Chiana drove. She said it helped her keep control of the moment. I sat in the passenger seat, hands folded in my lap, watching Houston wake up through the window. The city looked different in daylight, less forgiving, more honest. Neither of us spoke much, my nerve already getting to me.
The building rose up out of nowhere tall glass, clean lines, sunlight reflecting back at us like it wanted to blind me before I could ask too many questions. This place looked expensive. Legit. The kind of place people came when they were ready to know the truth. The elevator ride felt too long to the Fifth floor. The doors opened to white walls, soft music, the smell of antiseptic and eucalyptus. Calm manufactured carefully. Like the space itself knew women came here already broken and needed somewhere gentle to land.

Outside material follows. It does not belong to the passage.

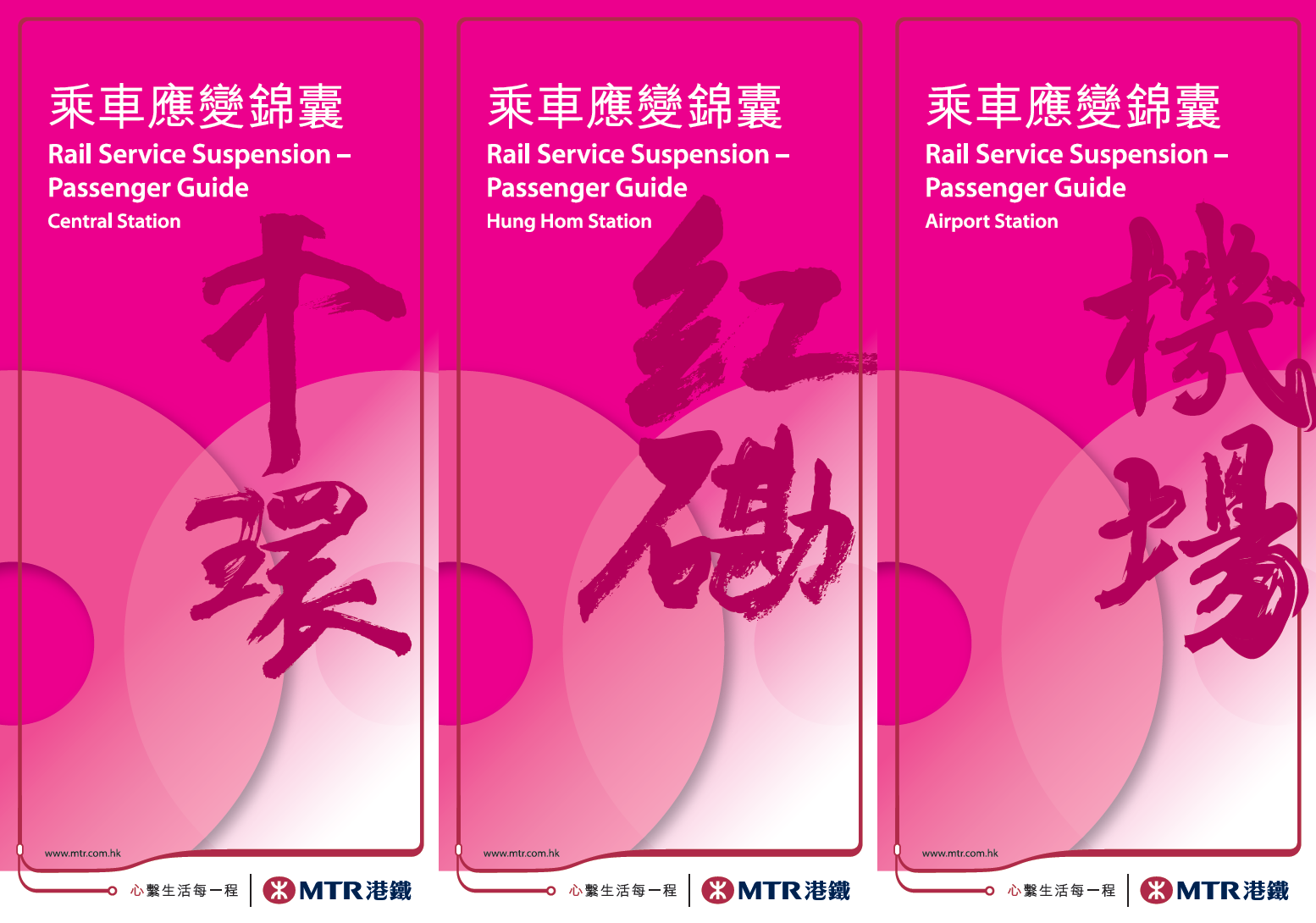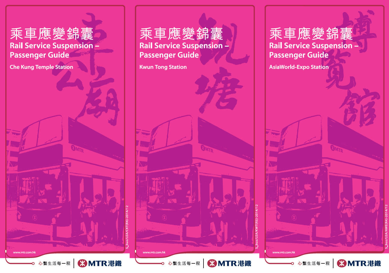 值得注意是:港鐵亦有為機場站與博覽館站印刷乘車應變錦囊,而該兩站的中文名稱亦是以書法形式顯示。機場站與博覽館站的車站指南於2017年5月方獲首次印刷。

The receptionist smiled too kindly. "Ayida?" Chiana gave me a warm smile before I followed the nurse down the hall, my was heart beating so loud I was sure she could hear it. The room was small but warm with neutral colors, a framed print of a woman holding her belly, light filtering in just enough to soften everything. I sat on the exam table, feet dangling, hands gripping the paper beneath me.Don't hope, my spirit warned.Hope gon' cost you.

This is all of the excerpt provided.